I've been testing Microsoft Foundry for a few weeks now, and yesterday I found something I wasn't expecting: a side-by-side model comparison tool that runs directly inside Visual Studio Code.

No extra setup. No external platform. No switching between browser tabs. Just pick two models, write one prompt, and watch both responses stream in at the same time.

Quick Context: What Are These Tools?

Microsoft Foundry (formerly Azure AI Foundry) is Microsoft's unified platform for discovering, testing, and deploying AI models. It gives you access to a growing catalog of models from OpenAI, Meta, Mistral, DeepSeek, and others—all from a single place.

AI Toolkit for Visual Studio Code is a free extension that brings Foundry's capabilities directly into your editor. You can browse models, configure system prompts, and interact with them through a built-in playground—without leaving VS Code.

Both are useful on their own. But the feature that caught my attention is the Compare mode inside the AI Toolkit playground.

The Compare Feature: Why It Matters

When you're evaluating which model fits a specific task, the typical workflow is painful: open one model, run a prompt, copy the response, open another model, paste the same prompt, wait again, then try to remember what the first one said.

The AI Toolkit's Compare mode eliminates all of that. You select two models from the catalog, write your prompt once, and both models process it simultaneously. The responses appear side by side in real time.

AI Toolkit Compare mode showing OpenAI GPT-4.1-mini and DeepSeek R1-distill-qwen-7b responding to the same financial analysis prompt side by side

The Compare view in action: OpenAI GPT-4.1-mini (via GitHub) on the left, DeepSeek R1-distill-qwen-7b (running locally via Foundry Local) on the right. Same prompt, same System Prompt, simultaneous execution.

In the screenshot above, I sent both models a financial analysis prompt asking for a cash flow snapshot. The differences are immediately visible:

  • GPT-4.1-mini delivers a structured, concise response with bullet points and a clear summary. It gets straight to the numbers.
  • DeepSeek R1-distill-qwen-7b (running locally) shows its reasoning process step by step, walking through the calculation before arriving at the answer—and notably, it gets cut off mid-sentence.

That kind of behavioral difference is exactly what you need to see when choosing a model for a specific use case. And seeing it side by side, in the same interface, with the same prompt and system context, makes the comparison fair and fast.

What makes this especially interesting: you can mix cloud-hosted models (like GPT-4.1-mini via GitHub) with locally running models (like DeepSeek via Foundry Local) in the same comparison.
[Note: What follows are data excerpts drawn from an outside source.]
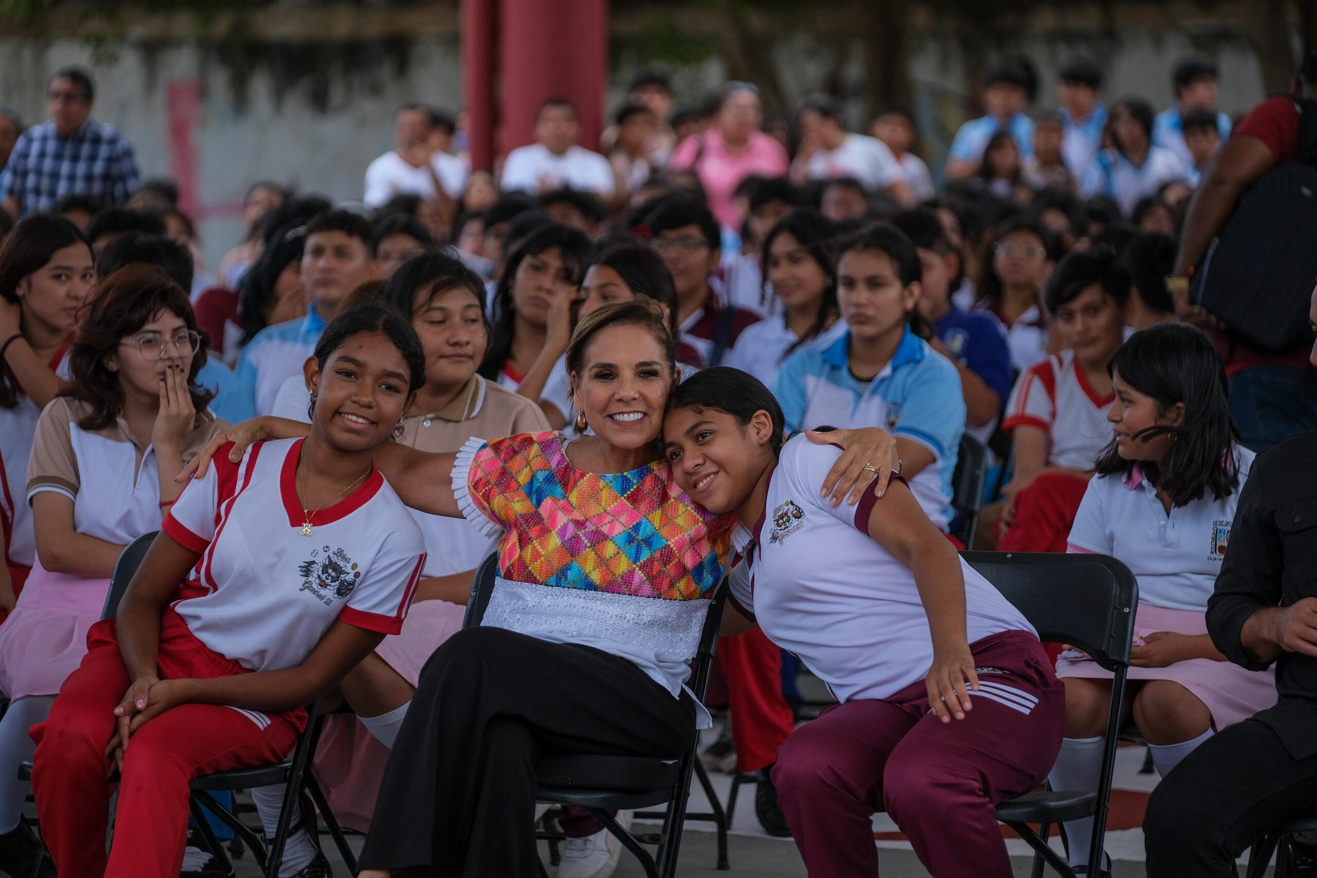 Durante la ceremonia inaugural la gobernadora Mara Lezama estuvo acompañada de los estudiantes Hanna Nicole Córdova, Ashly Juana Castañeda Rodríguez, José Aramis López Solano, David Emmanuel Analco Barrera, Martha Espinosa López, Kevin Daniel Dzul Ordóñez, Zoe Dareny López Sánchez y Alán de Jesús Durán Pérez.
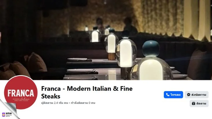 Franca - Modern Italian & Fine Steaks เป็นร้านอาหารอิตาเลียนระดับพรีเมียมที่เน้นสเต๊กและอาหารคุณภาพสูง ร้านอาหารแห่งนี้เหมาะสำหรับการดินเนอร์สุดพิเศษ ลูกค้าที่มาใช้บริการร้านอาหารมักประทับใจกับรสชาติและการจัดจาน
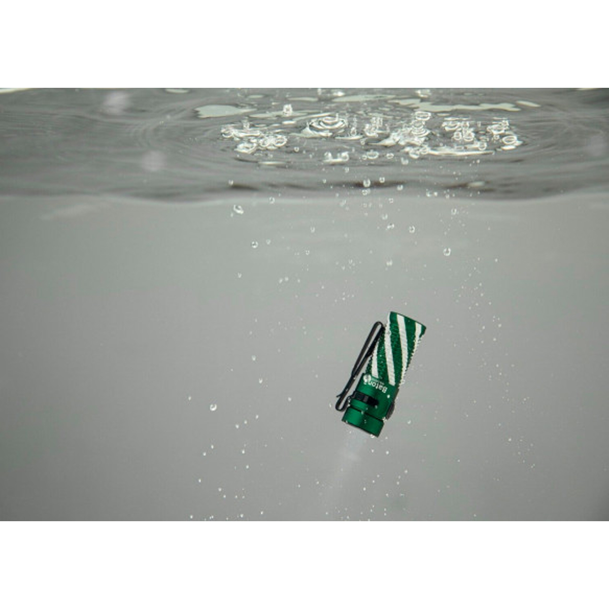 Корпус виготовлений із міцного анодованого алюмінію T6061-T6 — матеріалу, який широко використовується в авіаційній галузі завдяки своїй легкості та витривалості. Поверхня ліхтаря має додаткове анодування, яке ефективно протистоїть подряпинам і корозії навіть при інтенсивній експлуатації. Рівень захисту IPX8 гарантує повну водонепроникність — пристрій витримує занурення на глибину до 2 метрів без втрати працездатності. Крім того, ударостійкість до 1.5 метра дозволяє без остраху використовувати ліхтар у найсуворіших умовах — у горах, лісі або під час негоди.
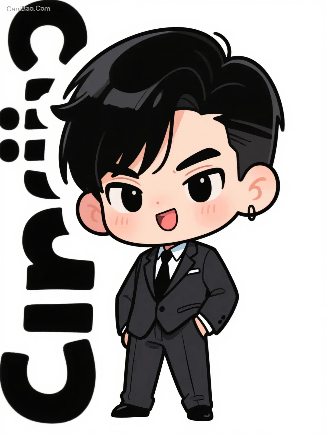 chibi,漫画风,痞帅,一个男人,黑色头发,穿着西装,霸总,表情夸张,萌萌哒
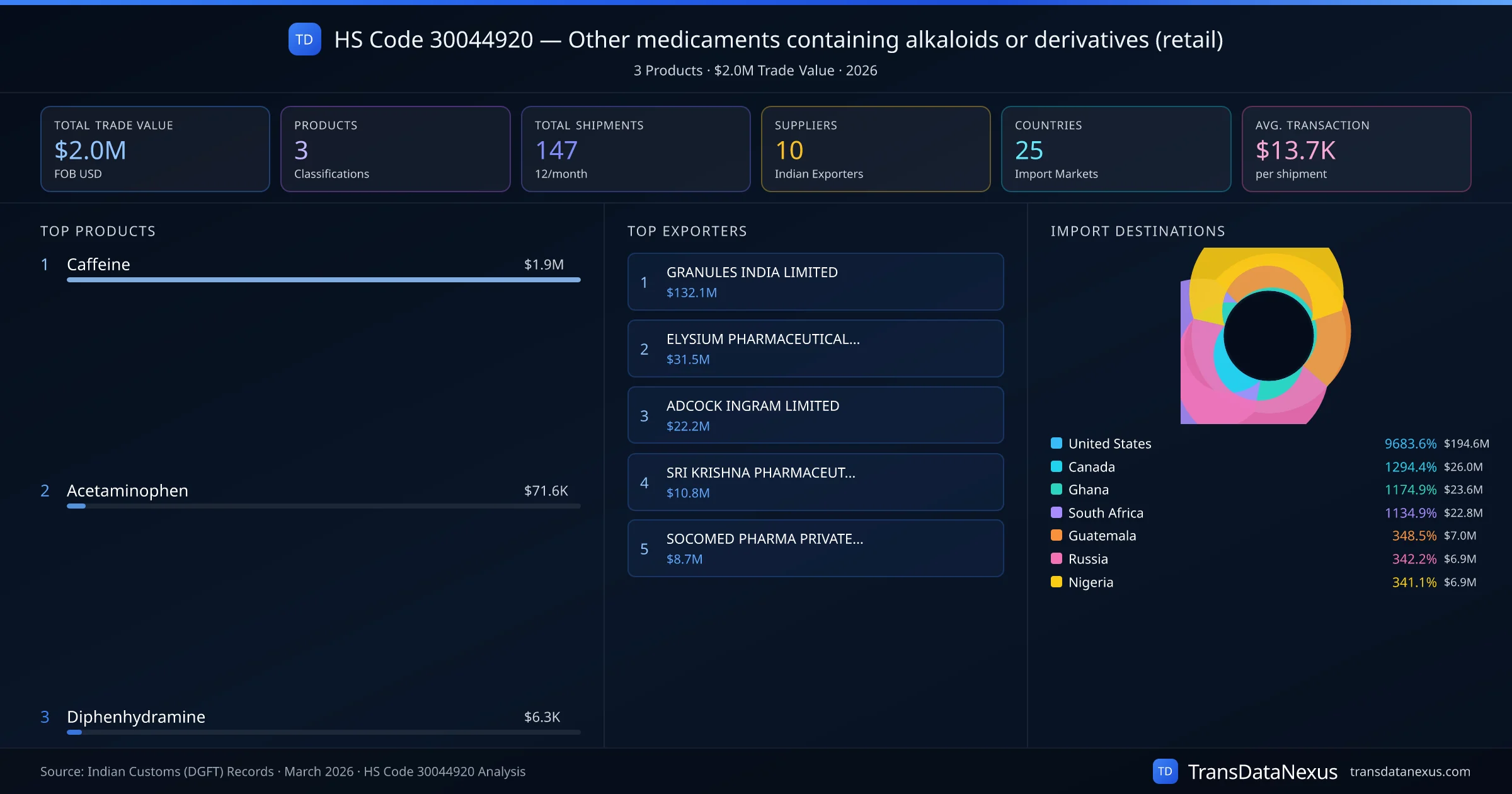 HS Code 30044920 (Other medicaments containing alkaloids or derivatives (retail)) is one of India's most significant pharmaceutical export classifications under Chapter 30 of the Harmonized System. With a total trade value of $2.0M across 147 shipments, this code covers 3 distinct pharmaceutical products exported by 10 Indian manufacturers to 25 countries. The leading product under this classification is Caffeine at $1.9M, followed by Acetaminophen and Diphenhydramine.
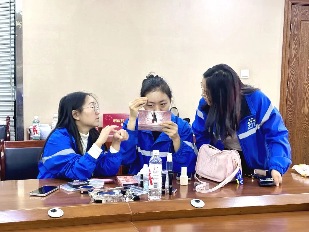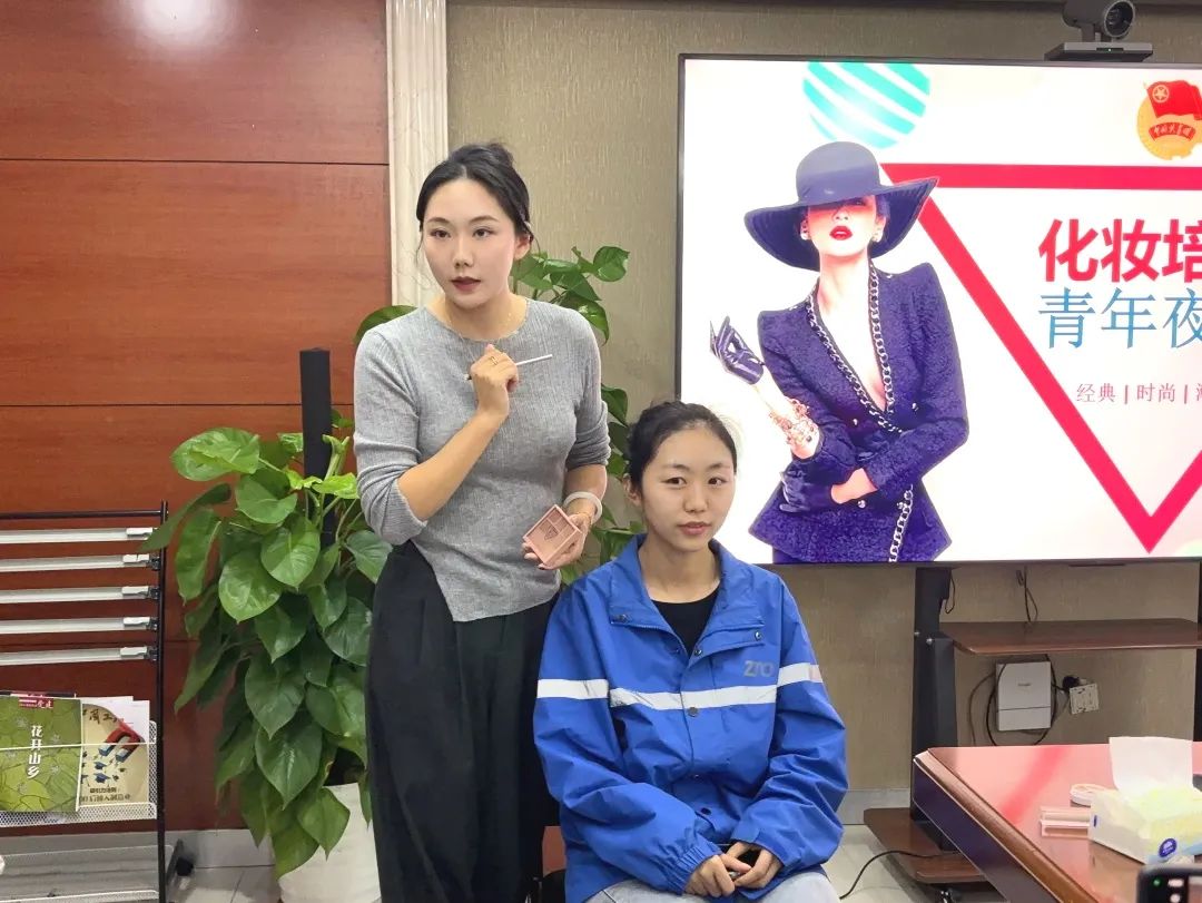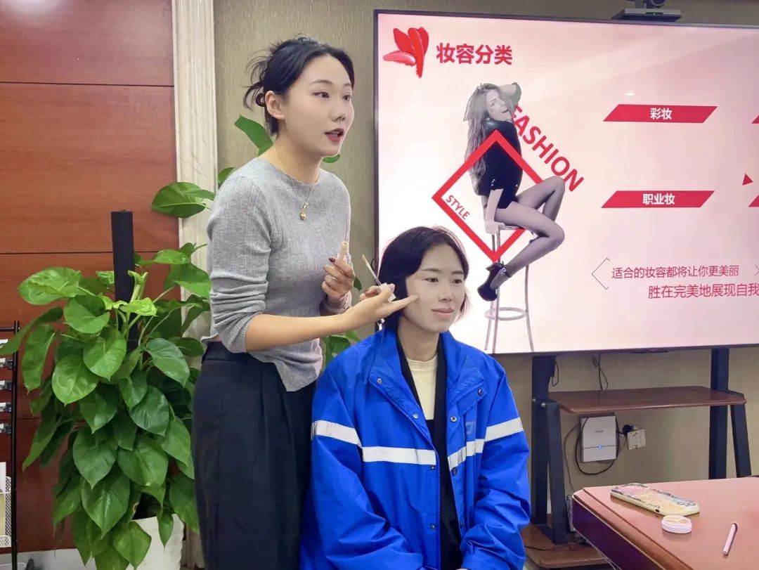 美妆课程上,老师带领大家辨别妆容类型、学习化妆步骤、掌握“早八快速妆”。现场进行实操教学,步骤清晰明了。在实际演练的过程中,更种草化妆好物,增长化妆技能。
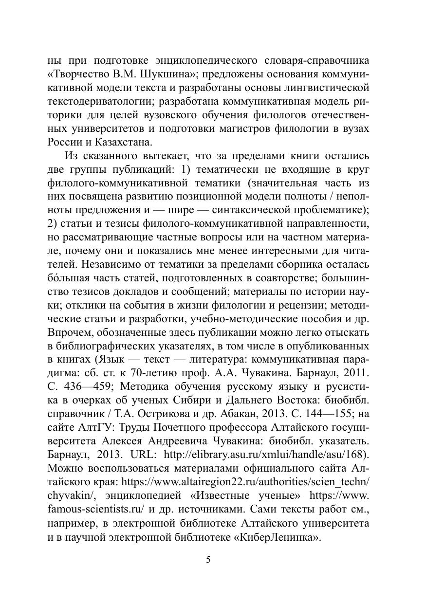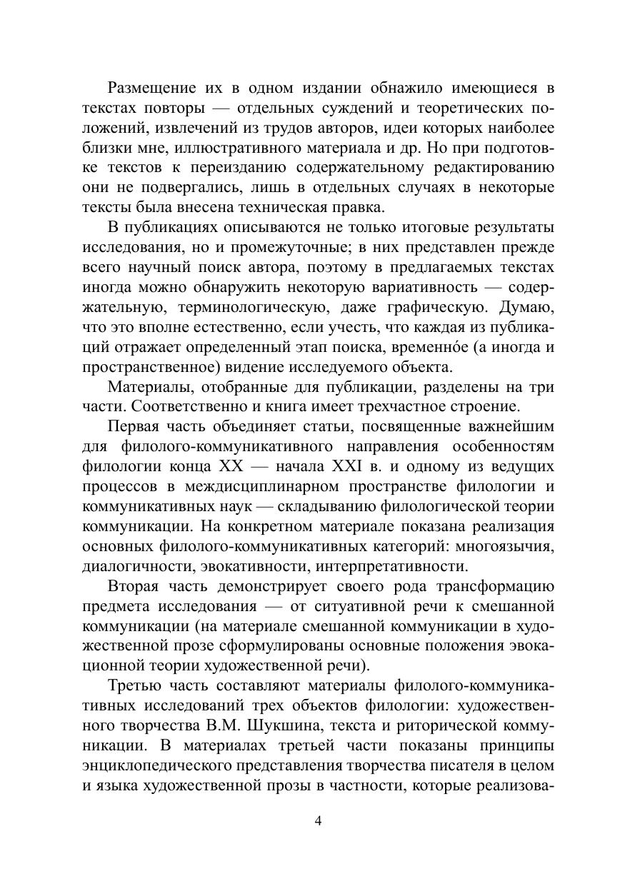 Книга включает ряд работ автора по общей и русской филологии, опубликованных преимущественно в середине 1990-х годов — XXI в. Рассматриваются проблемы объекта современной филологии, взаимодействия филологии и коммуникативных наук; выдвигается гипотеза о построении филологической теории коммуникации, на большом фактическом материале демонстрируется ряд филологических категорий коммуникации (многоязычие, диалогичность, эвокативность, интерпретативность). Большое место занимает рассмотрение выдвинутых исследователем феноменов ситуативного типа речи и смешанной коммуникации. Значительное место уделено художественному творчеству В.М. Шукшина, тексту, риторической коммуникации. В книге представлена проекция теоретических результатов на сферу высшего филологического образования и область энциклопедической лексикографии: А.А. Чувакин является автором и научным редактором университетских учебных пособий по основам филологии, теории текста, риторике, филологии в ее взаимосвязи с коммуникативными науками, а также научным ре дактором энциклопедического словаря-справочника «Творчество В.М. Шук шина». Книга адресована широкому кругу филологов: преподавателям и студентам, аспирантам и магистрантам, всем, кто интересуется состоянием и судьбами современной филологии.
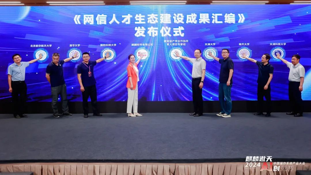 本次盛会上,麒麟软件携手教育部产学合作协同育人项目专家组、国防科技大学、清华大学、北京航空航天大学、天津大学、南开大学、天津科技大学等高校代表,共同发布了《网信人才生态建设成果汇编》(以下简称《汇编》)。教育部产学合作协同育人项目专家组办公室主任时阳介绍了《汇编》的主要内容。从政策引领到平台搭建,从产教深度融合到教育信息化发展,《汇编》汇聚了近年来麒麟软件与政产学研用各界携手在网信人才生态建设方面的创新举措与显著成效,提供了可借鉴的参考依据和实践指南。
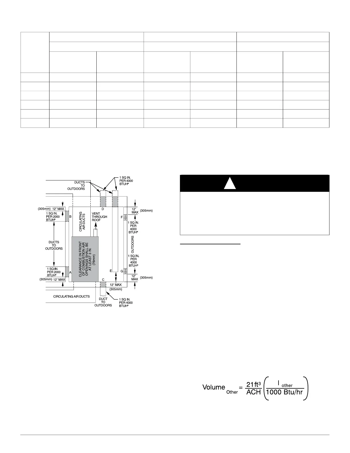 (1 SQ. IN./2,000 BTUH) (1,100 SQ. MM/KW) (1 SQ. IN./3,000 BTUH) (734 SQ. MM/KW) (1 SQ. IN./4,000 BTUH) (550 SQ. MM/KW)
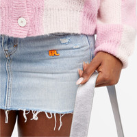 Using light wash distressed denim with fading this Levi’s and ERL collection has shared roots in the Golden State. Looking like a cut pair of light, washed out indigo 5-pocket jeans, this mini skirt has your smart casual looks in mind. With an array of pockets that are as practical as they are stylish, both brand’s label’s are embroidered on the front. - 100% Cotton - Zip & Button Fly - 5 Pocket Detailing - Embroidered Branding

That means you can evaluate whether a smaller, local model is "good enough" for your task before committing to API costs.

What I Like About This Workflow

  • Speed. Both models run simultaneously. You're not waiting twice.
  • Fairness. Same prompt, same system prompt, same moment. No variables sneaking in.
  • Convenience. It's inside VS Code. If you're already coding, the context switch is zero.
  • Local + Cloud. Comparing a free local model against a paid API model in one click is genuinely useful for cost decisions.

When Would You Use This?

A few scenarios where this has already saved me time:

  • Deciding whether a smaller model can handle a structured task (like generating reports or parsing data) as well as a larger one
  • Testing how different models interpret the same system prompt—some follow instructions tightly, others get creative
  • Evaluating response format and style for user-facing outputs where tone matters
  • Quick sanity checks when a model gives an unexpected answer—is it the model, or is it the prompt?

Try It Yourself

If you have VS Code installed, the setup takes about two minutes:

  1. Install the AI Toolkit extension from the VS Code marketplace
  2. Open the Playground from the AI Toolkit sidebar
  3. Click Compare at the top
  4. Select two models and start prompting

You can use GitHub-hosted models for free (with rate limits) or connect your own Azure endpoints. For local models, Foundry Local lets you run open-weight models on your machine with no API key required.


I keep finding useful features buried inside tools I was already using. This one is small but practical—the kind of thing that saves you from building a spreadsheet to track model comparisons.

What's your current workflow for comparing AI models? Are you testing them one at a time, or have you found a better setup?